Posted on October 3rd, 2009 by Mindy Yong.
Categories: Singapore Real Estate News.

Developers seek more affordable sites

Wider spread of plots for tenders could ease bidding frenzy

By Jessica Cheam

DEVELOPERS are in talks with the Government, seeking an increase in the supply of affordable sites across the island for mass- to mid-market projects.

Real Estate Developers’ Association of Singapore (Redas) president Simon Cheong said yesterday that a good spread of such sites would lead to less aggressive bidding, which would in turn mean greater affordability for home buyers.

Recent bidding for some land, including far-flung sites, has been more aggressive than usual with sites seeing a dozen or more bids from developers amid booming demand.

This tends to drive up the price of the land, which then filters down to higher unit prices when the condo goes on sale.

Redas is in discussions with the Urban Redevelopment Authority (URA) for the release of a wider spread of sites under its Government Land Sales Programme.

This means not just suburban sites near MRT stations, but also those further afield, so that developers have a variety of sites to bid for.

The programme’s confirmed list of sale sites, which was suspended late last year when the market was in the doldrums, will resume next year - a government move to increase the supply of new sites and cool rising prices.

These confirmed sites will be put up for sale according to a pre-determined schedule, and regardless of developers’ prior expressions of interest.

‘We’d like to work with the URA, to see there’s a more even spread and adequate sites. Perhaps, in the next confirmed list, we will have sites more spread out across the island,’ said Mr Cheong at the Redas Mid-Autumn Festival celebration at The Fullerton Hotel yesterday.

He also reiterated the view that Singapore’s property boom was not a bubble.

Flash estimates released by the URA on Thursday showed private home prices surging 15.9 per cent last quarter, reversing four quarters of decline.

While this is evidence of a private residential market rebound, analysts have expressed concern over a possible bubble amid an uncertain economic outlook.

But Mr Cheong, who is also SC Global’s chairman and chief executive, said the property run here is ‘based on fundamentals, and is not unique’. Across the region, Hong Kong, Shanghai and Beijing have also seen a property revival, he said.

‘That’s a testament to the good economic policy of the Asian economies,’ he said.

‘We do not have a credit crisis like in the West. In fact, we have net savings… and it’s not unreasonable to think that it’ll go towards properties.’

City Developments’ group general manager Chia Ngiang Hong added that strong buying momentum was due to pent-up demand over the past year.

Last year, developers sold only 4,264 units, while sales are expected to total between 13,000 and 15,000 this year.

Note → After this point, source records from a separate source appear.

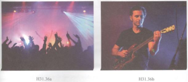 Các sân khấu ca nhạc vào buổi tối thường sử dụng rất nhiều đèn màu (hình H31.36a). Tùy thuộc vào màu sắc của ánh sáng đèn, ta có thể nhìn thấy màu sắc y phục của các diễn viên trên sân khấu thay đổi (hình H31.36b).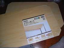 鉄の棚が網状になっているんで、小さいものだと落っこちてきてしまうんで、木のボード購入してきました999円です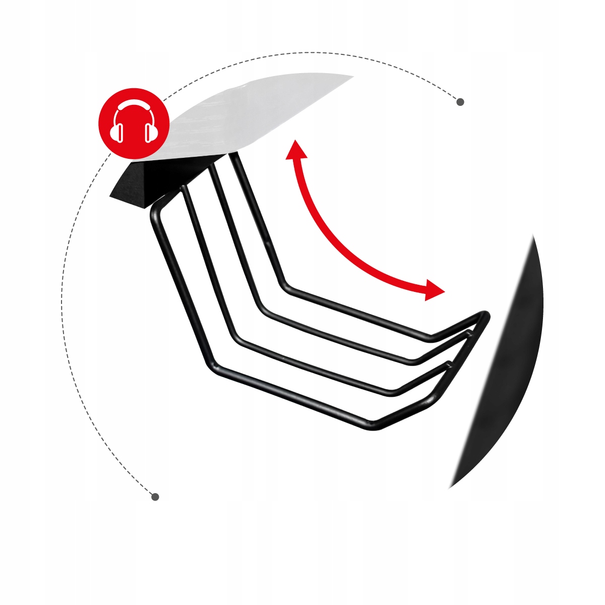 Wygodny, podręczny uchwyt na słuchawki. Podczas gdy nie używasz słuchawek, te wiszą bezpiecznie, nie zajmując przestrzeni na blacie. Uchwyt szybko i wygodnie można schować pod biurko.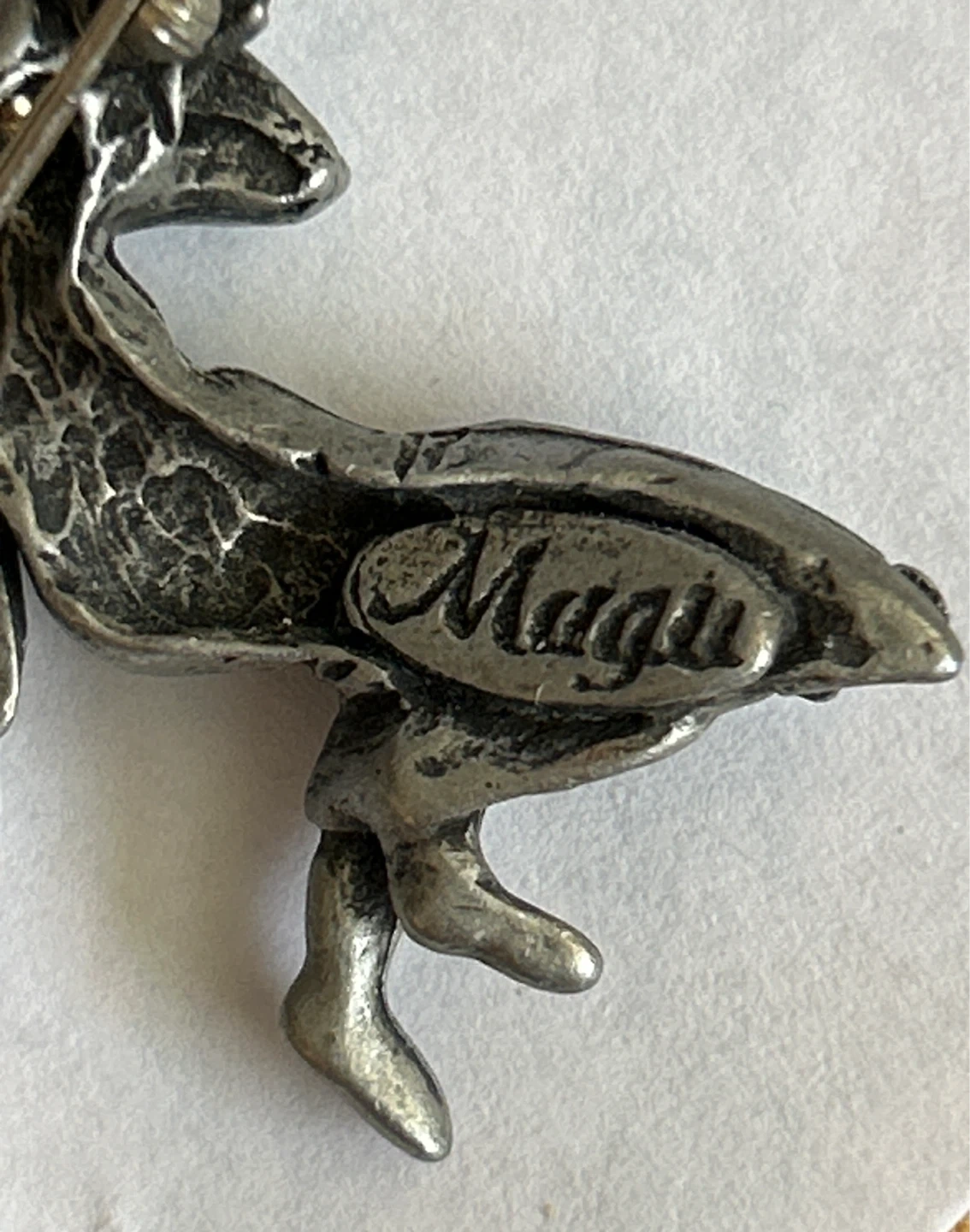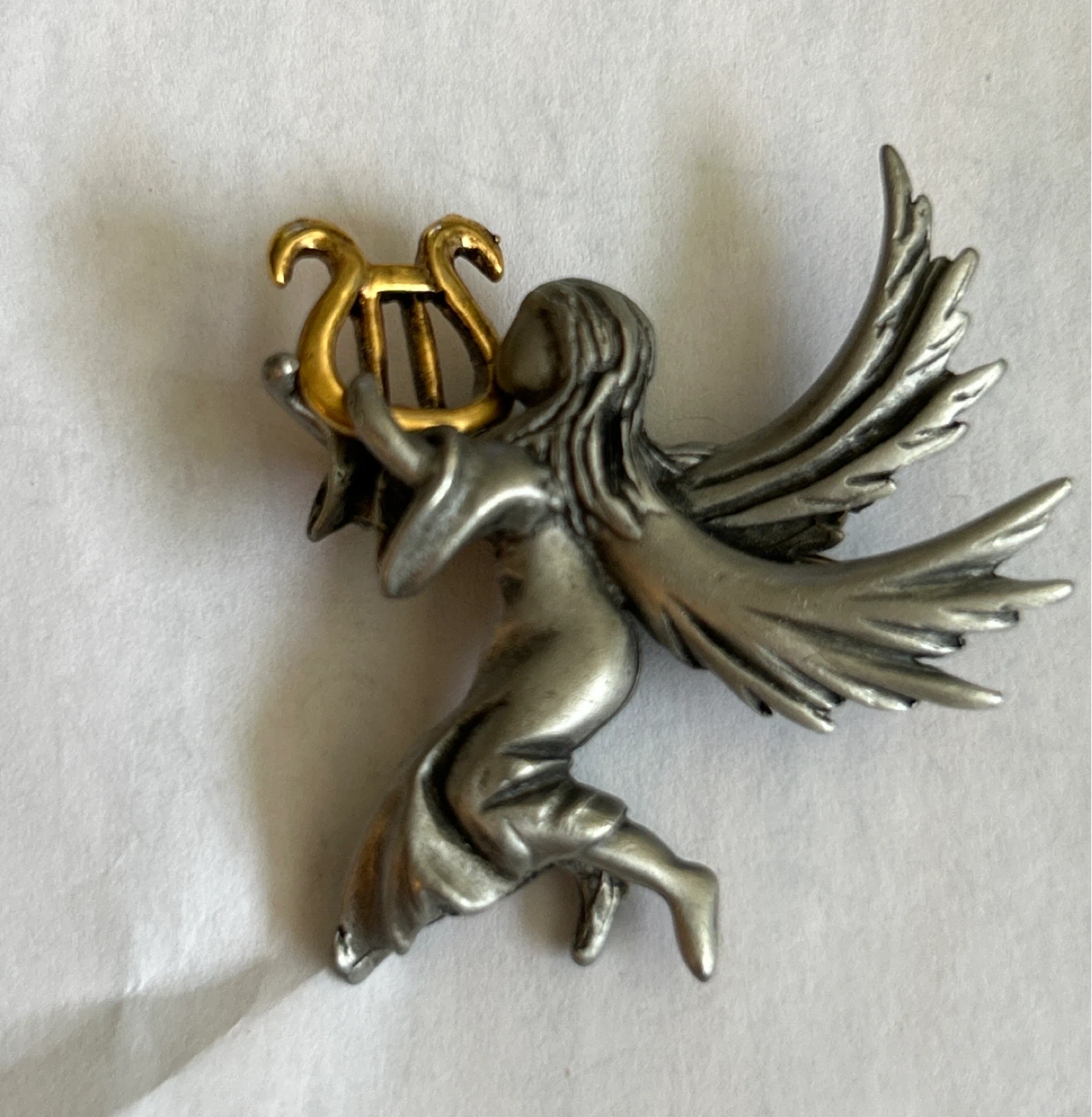 Selling a vintage brooch that features an angel playing a harp. The brooch is silver in colour with gold accents on the harp. It's marked with the name 'Mugu'. It is a beautiful piece and has a good quality. View all photos provided. Smoke/Pet free home. Cash & Pick Up only.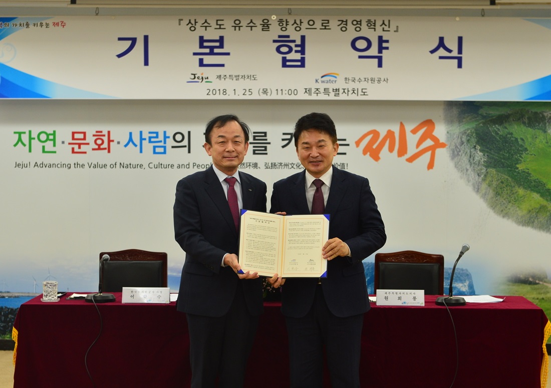 K-water (사장 이학수) 와 제주특별자치도 (도지사 원희룡) 는 25일 , 제주특별자치도청 에서 ‘상수도 유수율 제고를 위한 기본협약’을 체결했다.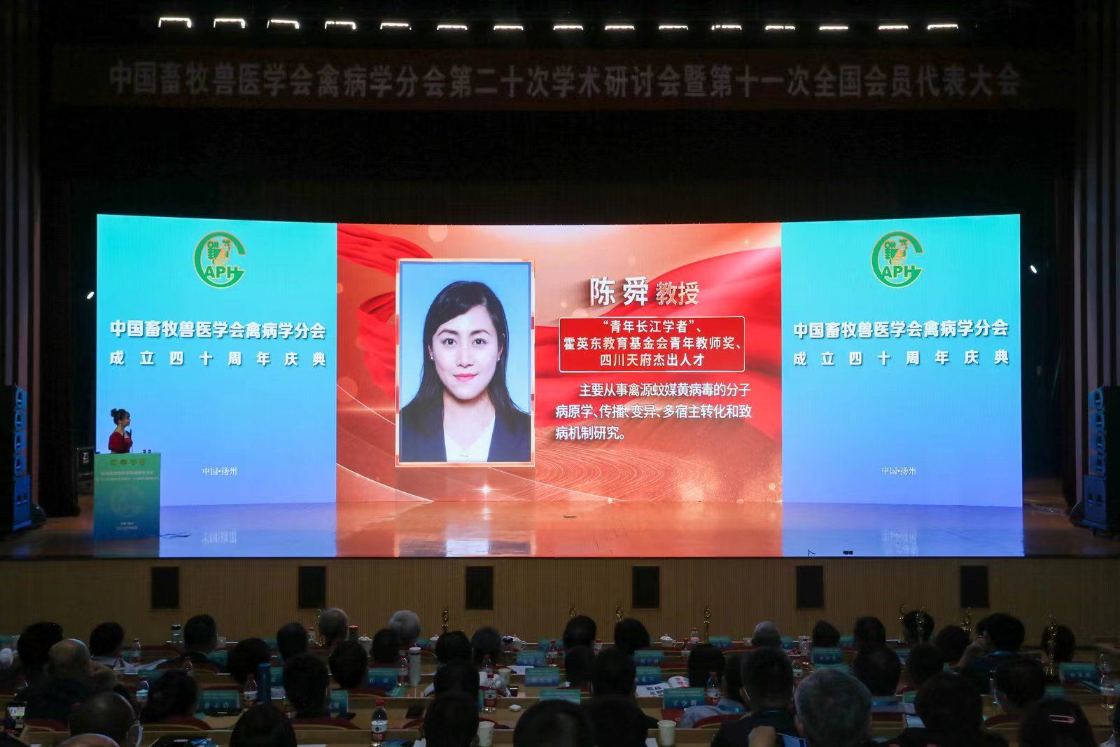 颁奖仪式上,陈舜教授获“禽病研究创新奖”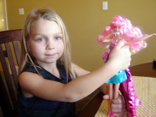 Amelia was delighted with the present we brought her. It is the Pop Star and the Princess Barbie Doll. She comes as a princess and by twisting her hair and dress you can change her into the pop star. She told us several times how much she liked it, but the truth is the last thing she needed was another doll. I guess that we are the ones who needed to give her a present since we don't see her nearly enough.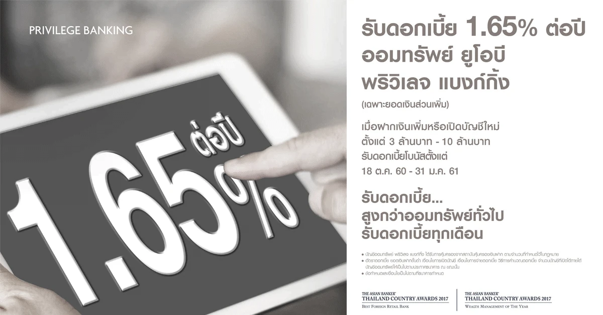 | การคำนวณดอกเบี้ยโบนัส (รายละเอียดการคำนวณดอกเบี้ยโบนัสแสดงใน website www.uob.co.th และประกาศของธนาคาร อัตราดอกเบี้ยปกติเมื่อรวมดอกเบี้ยโบนัส (อ้างอิงอัตราดอกเบี้ยปกติตามประกาศธนาคาร ลงวันที่ 17 ตุลาคม 2560) | |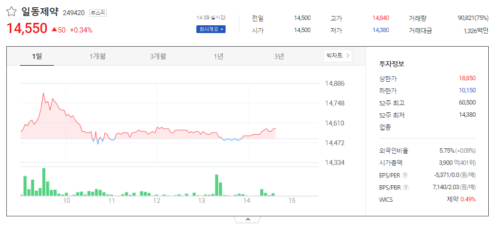 일동제약 현재 주가는 14,500원이며 전일 대비 -60원의 모습을 보이고 있습니다. 일동제약의 주주현황을 살펴보면 일동홀딩스(외 15인)이 지분 40.79%를 소유하고 있습니다. 일동제약는 제약 기업으로 장중 기준으로 주가는 14,500원 입니다. 시가 총액은 3881억 원이며 발행 주식수는 5.75주 입니다. 외국인 보유 비중은 120,463% 이며 장중 거래량은 26,803,285를 기록했습니다. 매출액은 1,461억 원, 영업이익은 -735억 원을 달성했습니다. 일동제약 주식 배당수익률은 -721% 입니다.

Mr Cheong said that ‘prices will remain firm’ for the near future and that buyers can be assured that developers ‘will produce where there’s demand’.

Hong Leong Group chairman Kwek Leng Beng too was optimistic, saying: ‘I am of the view that within the next three to five years, Singapore will have recovered well.’

Frasers Centrepoint chief executive Lim Ee Seng noted that tender bids for land have been on the high side recently.

Among the sites awarded recently, Far East Organization submitted a bid of $119.08 million for the mainly residential site at the corner of Yio Chu Kang Road and Seletar Road - 35 per cent higher than the second bid.

A land parcel at Dakota Crescent recently drew 13 bids and a higher-than- expected top bid of $329 million from UOL - way above the trigger price of $130 million for the reserve list site.

‘The release of more land will enable bids to be lower, and this will translate to lower prices for buyers,’ said Mr Lim.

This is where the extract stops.